Louisiana barred hospitals for 30 days from sending coronavirus patients to nursing homes with some exceptions.

And while Louisiana reported about 1,000 coronavirus-related nursing home deaths, far fewer than New York, that was 40 per cent of Louisiana’s statewide death toll, a higher proportion than in New York.

New York’s Health Department told the AP May 8 it was not tracking how many recovering COVID-19 patients were taken into nursing homes under the order.

But it was at that very moment surveying administrators of the state’s over 1,150 nursing homes and long-term care facilities on just that question.

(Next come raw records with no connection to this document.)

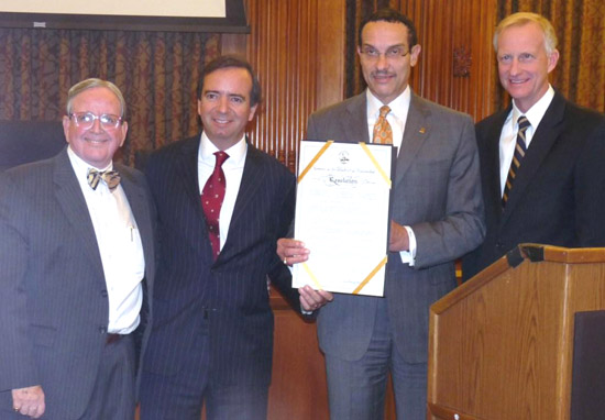 Washington, 12 de noviembre de 2010.- La Alcaldía de Washington D.C. aprobó hoy viernes una resolución de honor dirigida a los 33 mineros chilenos. El recién electo alcalde, Vincent Gray, fue quien entregó al embajador de Chile en Estados Unidos, Arturo Fermandois, esta resolución que declara el día 12 de noviembre como la fecha oficial de celebración de los mineros rescatados en Copiapó. La celebración no sólo se refiere a la fecha del presente año, sino a todos los 12 de noviembres.
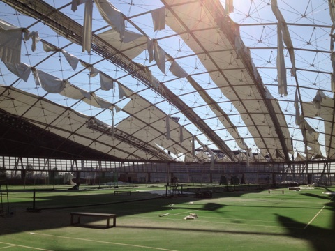 ドームに到着して、職員の方から状況説明と
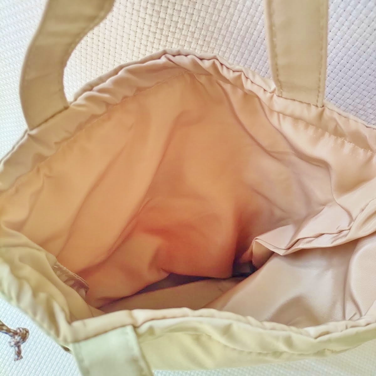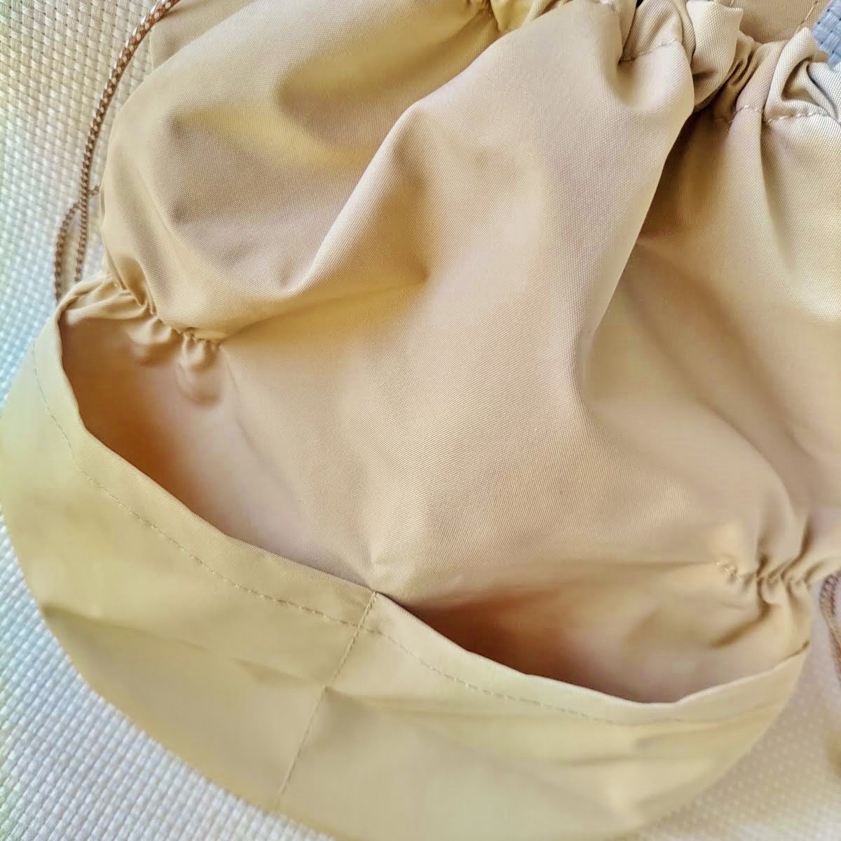 色は写真より濃いめのベージュで紐はブラウンと白
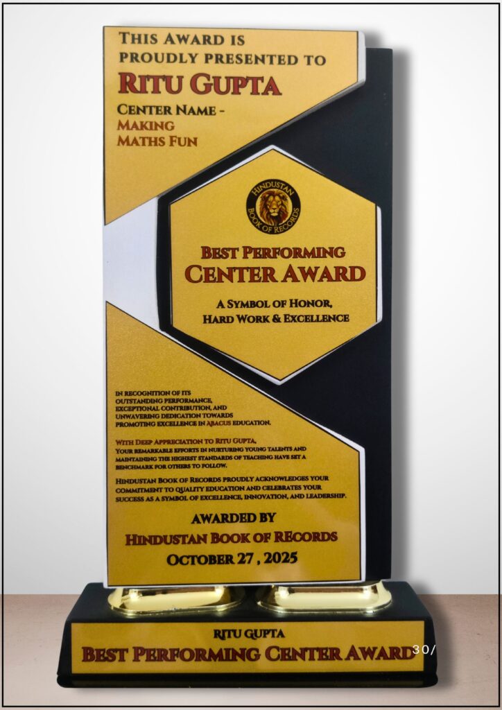“This recognition by the Hindustan Book of Records is a testament to our mission of providing world-class Abacus and Vedic Maths training right here in our offline center.”
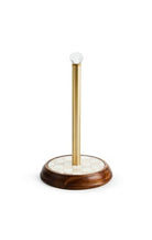Acacia wood base with hand glazed and hand-painted Mocha Check plate, stainless steel center post and glass knob. Pieces may vary due to the handmade nature of each product. Imported.
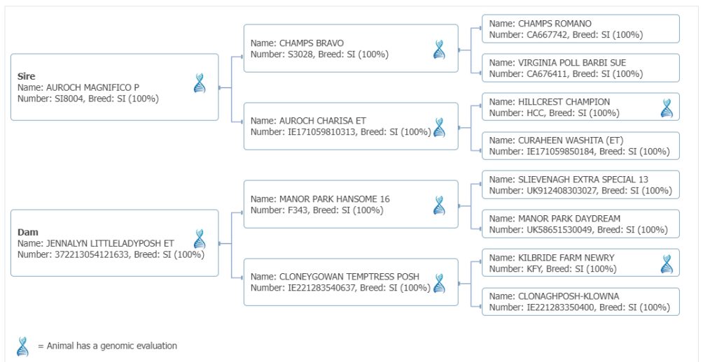 | Sire: Auroch Magnifico P | GS: Champs Bravo GD: Aurocha Charissa |
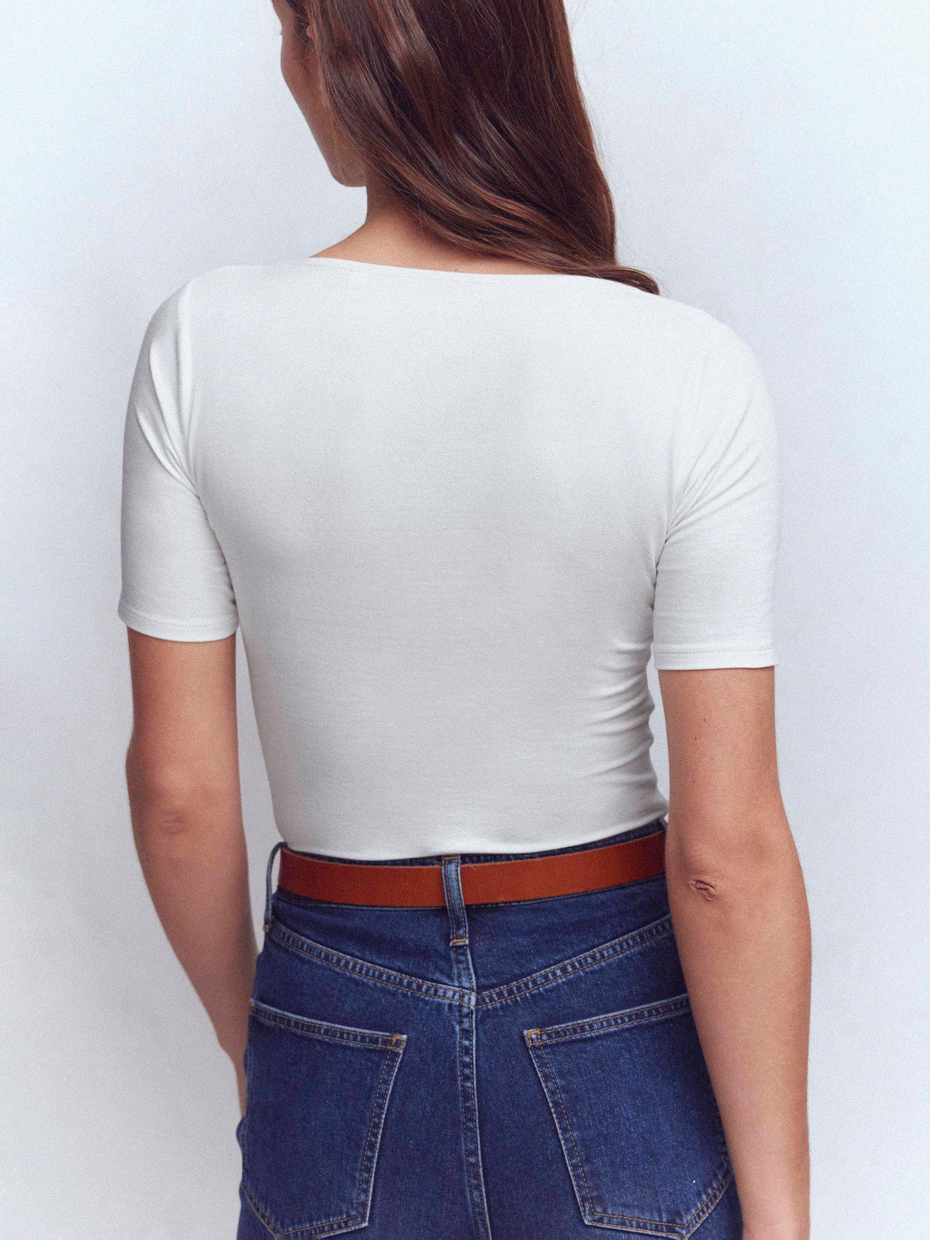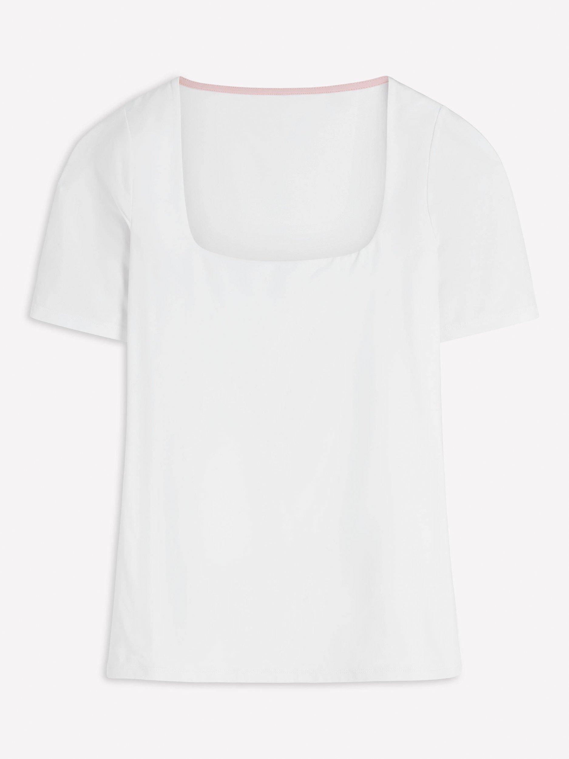 A classic wardrobe staple, this square neck T-shirt is crafted from two layers of cotton with a little added stretch for a fitted look. Pair with jeans, skirts and wear alone or as a light base layer.

Those survey results have yet to be released.

But regardless, the Health Department said, the survey had no bearing on Cuomo’s announcement May 10 that “we’re just not going to send a person who is positive to a nursing home after a hospital visit.”

Cuomo said such patients would be accommodated elsewhere, such as sites originally set up as temporary hospitals.

To some, the governor’s reversal came too late.

‘It infected a great number of people in nursing homes who had no business getting infected, including short-term residents who were there for rehabilitation after surgeries,’ said John Dalli, a New York attorney who specializes in nursing home cases.

To be sure, incoming residents weren’t the only possible source of infection.

Some homes believe a bigger contribution came from staffers and residents unaware they had the virus.

And some say they would have taken on COVID-19 patients regardless of the state’s order.

‘There were nursing homes that realized that there was a void,’ said Sarah Colomello, a spokeswoman for Thompson House in Rhinebeck.

The 100-bed facility set up an isolated unit where affiliated hospitals nearby have sent at least 21 patients.

It has reported no deaths.

Cuomo administration officials say the original directive came when the governor feared the hospital system would be overwhelmed and was focused on creating as much hospital space as possible.

That was welcomed by one of the many hospital systems and nursing homes surveyed for AP’s count.

Northwell Health said three of its medical centers were so overtaxed at one point they had to put some ICU patients in hallways.

To relieve pressure, the company eventually sent more than 1,700 COVID-19 patients to nursing homes.

‘Suffice it say, our hospitals were under stress,’ spokesman Terence Lynam said.